New Farming Technology Gets Approval From Sustainable Seafood Advocates

Although it’s quite delicious, finding seafood options that leave one with a clean conscience is becoming increasingly difficult for the average consumer.
Extreme over fishing of certain popular varieties of marine life, like tuna and salmon, has led to dangerously depleted populations and had a negative effect on natural consumption habits of other species.
“Aquaculture’s current heavy reliance on wild fish for feed carries substantial ecological risks,” Roz Naylor, a leading scholar on the subject at Stanford University’s Center for Environmental Science and Policy told TIME magazine. “Unless the industry finds alternatives to using pelagic fish to sustain fish farms, says Naylor, the aquaculture industry could end up depleting an essential food source for many other species in the marine food chain.”
Recent studies have also found that many types of farmed fish and shellfish are contain high levels of health threatening toxins, a direct result of the artificial antibiotics that must be used when seafood is harvested in cramped underwater pens where disease can spread like wildfire.
Seeking out wild caught and responsibly farmed seafood can be time consuming and costly, and many have considered simply giving up on certain types of fish altogether.
However, a new aquaculture technology developed by Rochester, Wash.-based AquaSeed Corp. for safely farming fish has recently caught the attention of the sustainable seafood movement, and might provide a solution to this complicated debate.
Scientific American reports:
AquaSeed’s salmon are grown in land-based, freshwater tanks ranging in size from 60 centimeters to 15 meters wide depending on the salmon’s developmental stage. Containment tanks prevent escapes and problems with sea lice infestation that have plagued open-net ocean pen operations.

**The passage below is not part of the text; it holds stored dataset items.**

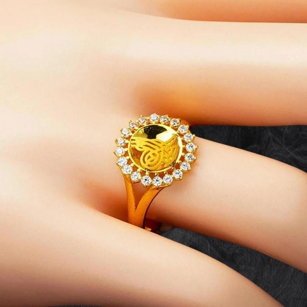 14 Ayar Güneş Tuğra Altın Yüzük, geleneksel Osmanlı tuğrası ve güneş motiflerinin birleşimiyle şıklığınızı tamamlayacak zarif bir parça sunar. 2,24 gram ağırlığındaki bu yüzük, sarı altının doğal ışıltısını yansıtarak her parmakta etkileyici bir duruş sergiler. Tuğra motifi, tarihin derinliklerinden gelen zarafeti modern bir tasarımla birleştirir.
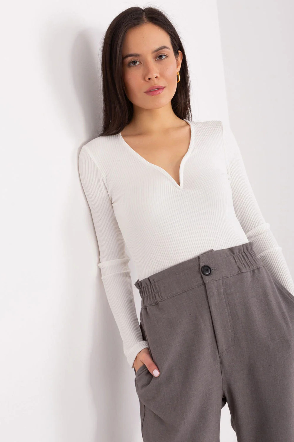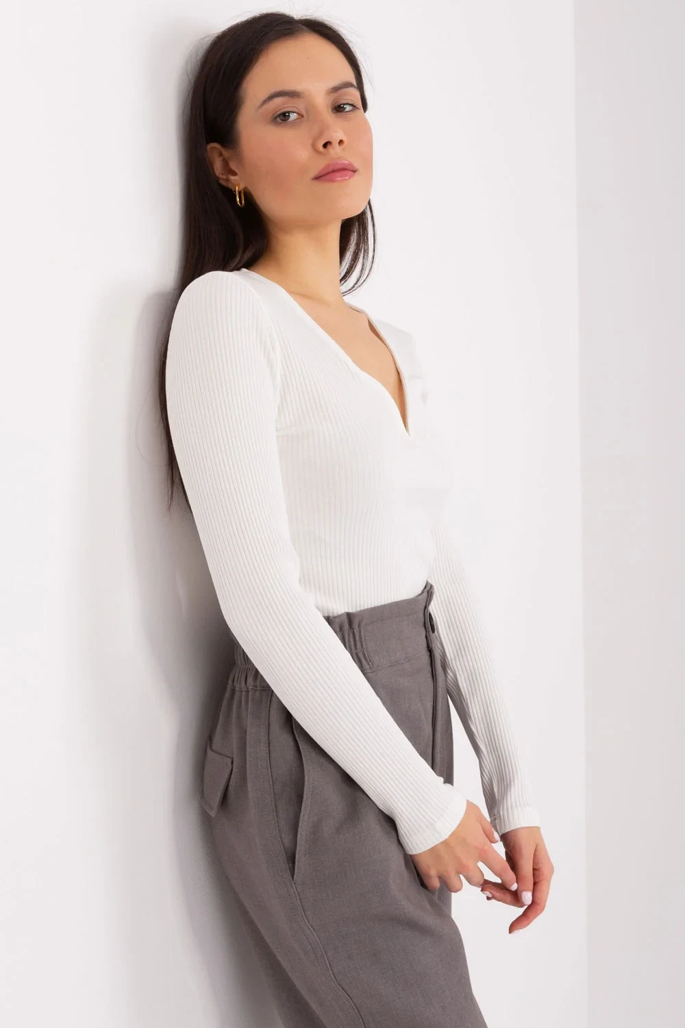 Tato každodenní halenka je ideální volbou pro mnoho příležitostí. Její vypasovaný střih zvýrazní vaši siluetu a zároveň se pohodlně nosí. Blůza je vyrobena ze vzdušné bavlny a poskytuje celodenní pohodlí. Má standardní délku a dlouhé rukávy, takže je vhodná pro různá roční období. Srdíčkový výstřih jí dodává jemný půvab, zatímco žebrovaná tkanina jí dodává zajímavý vzhled. Je skvělou volbou pro každodenní běžné nošení.
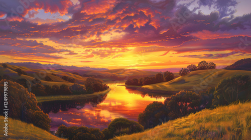 © Lily, Naklejka premium Panoramic Serenity: Sunset Over Rolling Hills and Tranquil River
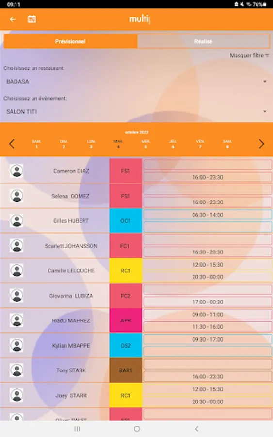 Il s'agit d'une application pour la gestion et la planification des restaurants et des employés.
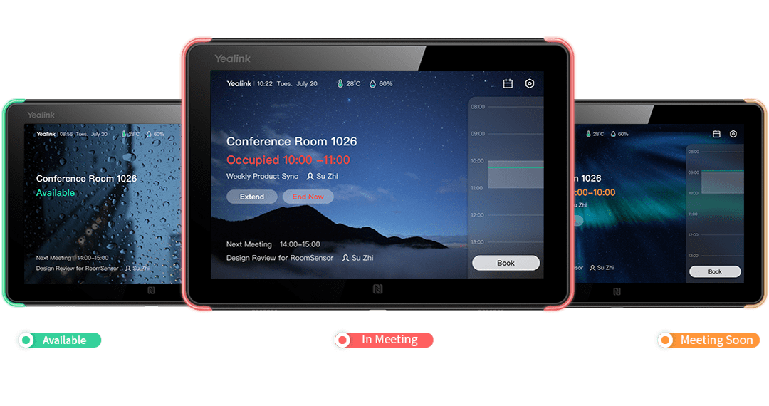 Yealink RoomPanel to 8-calowy panel konferencyjny typu all-in-one z systemem Android 10.0 i pełnym programowalnym podświetleniem LED RGB dla natychmiastowo widocznej komunikacji o stanie pomieszczenia. Posiada 10-punktową obsługę dotykową, Wi-Fi 802.11ac, Bluetooth 5.0, wbudowany czytnik NFC/RFID, ulepszone matryce mikrofonów i głośniki, aby spełnić wszystkie wymagania nowoczesnego miejsca pracy. Wyposażony również w Power-over-Ethernet i różne uchwyty montażowe, Yealink RoomPanel można łatwo zamontować na dowolnej powierzchni.
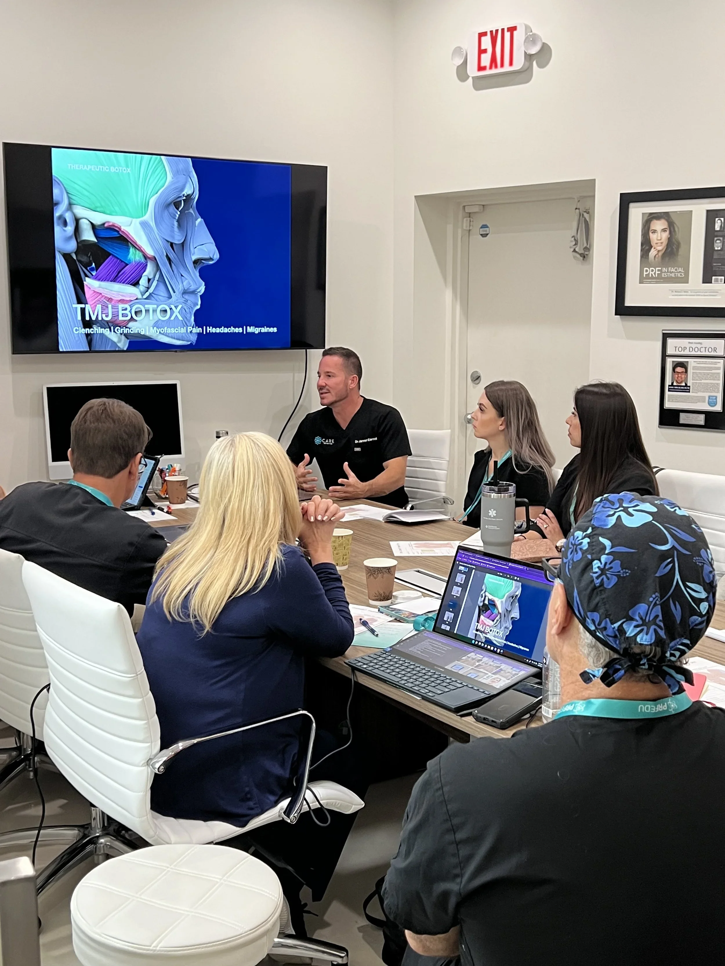 Our 2-Day (16-hour) Hybrid Course combines comprehensive didactic instruction and hands-on live patient training to teach you how to successfully treat orofacial pain, headaches/migraines, TMD syndrome, and TM joint pain with non-surgical, reversible, and minimally invasive treatments that are highly effective. Learn how to immediately integrate Therapeutic Botox for TMJ, Trigger Point Injections, Photobiomodulation, and PRF injections for TM Joint pain into your practice.
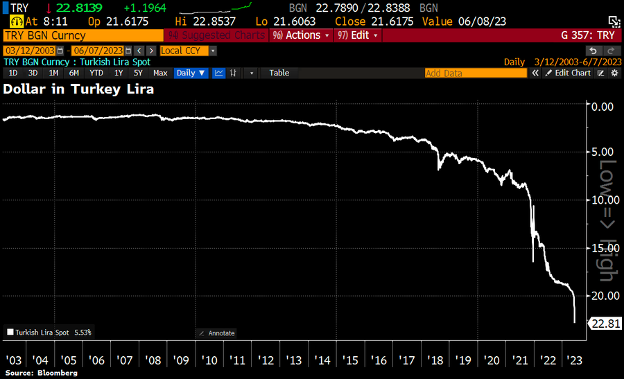Tymczasem według Liama Peacha, starszego ekonomisty rynków wschodzących w Capital Economics sygnały, że nowo wybrany ponownie prezydent Turcji Recep Tayyip Erdoğan jest skłonny do odejścia od niekonwencjonalnej polityki gospodarczej, doprowadziły do wzrostu optymizmu inwestorów wobec jego kraju.

Also, a high-end salmon feed and selective breeding has helped minimize fishmeal use, reducing the ratio of pounds of wild feed fish to produce pounds of farmed fish to 1.1 to one—a number AquaSeed owner Per Heggelund says he expects to whittle further.

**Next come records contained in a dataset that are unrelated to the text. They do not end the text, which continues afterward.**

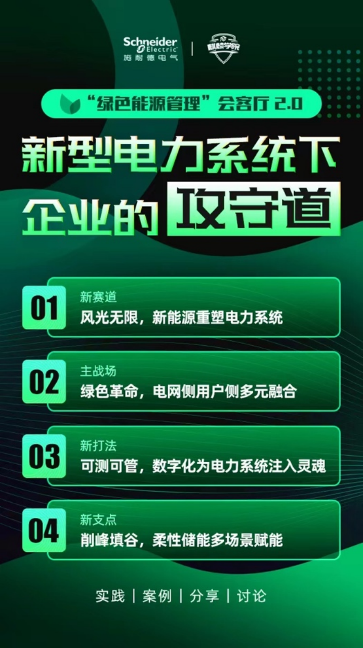 2022年“綠色能源管理”會客廳第二季,麒麟學院與施耐德電氣以新型電力系統下企業的“攻守”之道為主題,直面新型電力系統下的新趨勢、新變化,邀請業內資深專家圍繞四大課題——“新賽道-風光無限,新能源重塑電力系統”“主戰場 - 綠色革命,電網側用戶側多元融合”“新打法-可測可管,數字化為電力系統注入靈魂”“新支點–削峰填谷,柔性儲能多場景賦能”,展開深入探討與思考,幫助各類企業在能源管理的端到端實現安全可靠、高效管理,進而輕松的應對雙碳的挑戰。
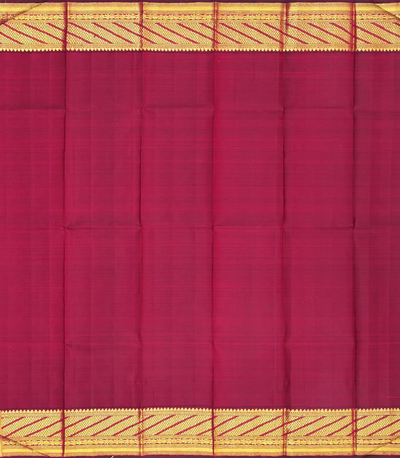 The border and pallu are woven with age-old motifs, each rich in symbolism: Thilagam Mokku (paisley drop), Muthu (pearl), Then Thuli Kan (dew drop), Kodi Visiri (creeper with fan-like elegance), Vanki (ornate armlet), and Diamond (radiance and brilliance). Pastel highlights and intricate craftsmanship bring these motifs to life, completing a composition that speaks of both tradition and grandeur.
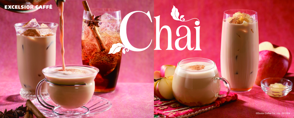 エクセルシオール カフェオリジナルの茶葉を使った「マサラチャイティー」「豆乳マサラチャイティー」が新登場。さらに、アレンジメニュー「アップルマサラチャイティー」と「マサラティーソーダ」も発売します。

The Monterey Bay Aquarium’s Seafood Watch, which is one of the most vocal advocates of sustainable seafood, and has been historically opposed to unsafe farming practices, made an unprecedented decision to endorse this new method, which is currently being used for farming Pacific coho salmon, a species that is currently listed as threatened under the Endangered Species Act.

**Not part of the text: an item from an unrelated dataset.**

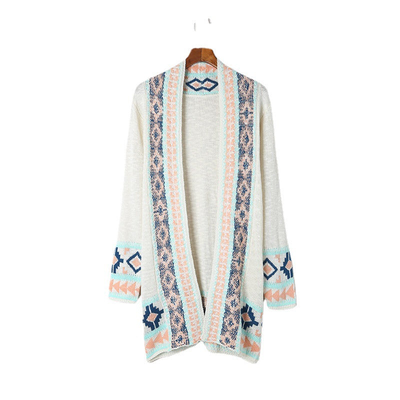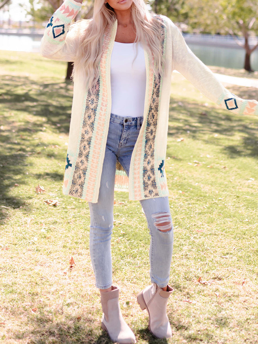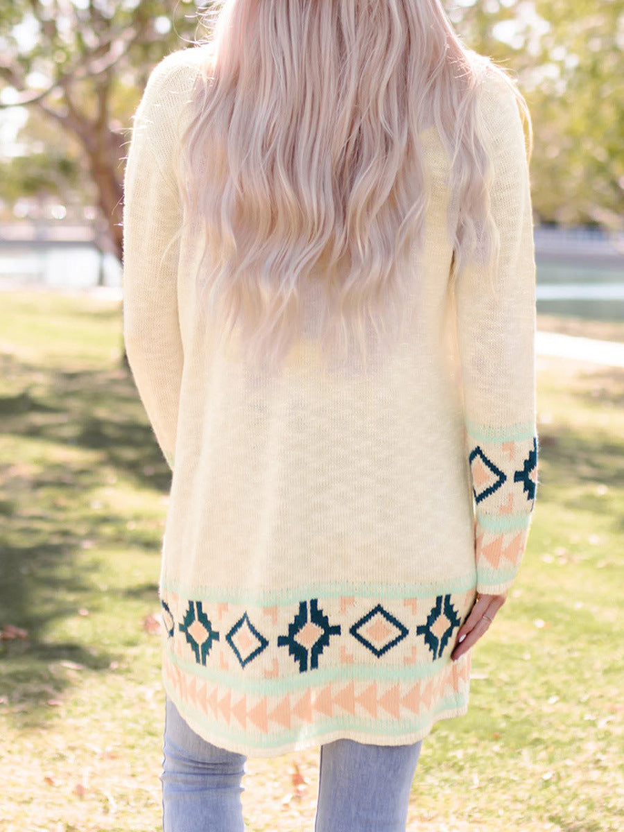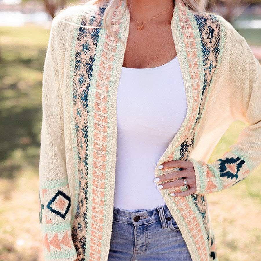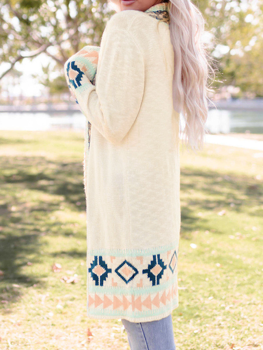 Beige Printing Cardigan Sweater Women's Loose Long Sleeve

In addition to being better for the environment, and for the future of the fish themselves, responsibly farmed seafood is also better for the humans that consume it. Quality salmon is a great source of omega-3 fatty acids, which help boost immunity and reduce the risk of heart disease, stroke, cancer and other ailments.
In an effort to bring more awareness to the connection between improved health and sustainable seafood production, the Monterey Bay Aquarium has recently launched the Super Green list, which includes seafood that meets the following three criteria:
- Low levels of contaminants (below 216 parts per billion [ppb] mercury and 11 ppb PCBs)
- The daily minimum of omega-3s (at least 250 milligrams per day [mg/d])*
- Classified as a Seafood Watch “Best Choice” (green)
The AquaSeed salmon, which will be sold under the SweetSpring label, is one of the first brands that enjoys a spot on this prestigious list.